Remove the canopy from the mold carefully as it will be slightly malleable and set it aside a few days to cure.
When the canopy it fully cured, sand it down using something like 220-400 grit sandpaper, moving on to progressively finer grits until it's smooth.
Use a polishing compound to bring back the glassy surface, or alternatively brush on a thin layer of Future(be careful if you do this, as Future will self-dissolve in order that more layers can be added, and you don't want to leave brush-strokes. An airbrush would be useful here, as it distributes an even coat and Future will flow through an airbrush without needing to be thinned).
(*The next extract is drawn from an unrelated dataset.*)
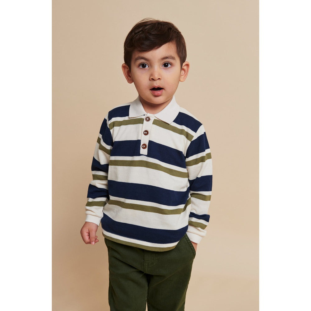 Brighten up your little one's wardrobe with the Copenhagen Colors Green Combi Striped Pique Polo Blouse. Crafted from 100% organic cotton, this polo ensures all-day comfort with its soft and breathable material. The vibrant green stripes paired with the stylish pique texture make it a visually appealing choice for any casual occasion. It features long sleeves and an easy-to-manage button closure at the chest, perfect for quick dressing. Ideal for both comfort and style, this eco-friendly polo shirt makes daily wear delightful for children.

Millenium, that looks like an incredible technique. I have an idea that may obviate the need to sand the Future canopy (was that your idea?):
1. On your Sculpey mold, treat it just like the professional steel mold makers do. Polish the mold and get it glass smooth.
2. Once your Future canopy is extracted, it should be near perfect. Instead of polishing it, mist on several coats of clear gloss lacquer to hide any blemishes. The Future and Lacquer are incompatible. The Future should be fine.
I find that Future actually produces a better finish than high-gloss coats myself.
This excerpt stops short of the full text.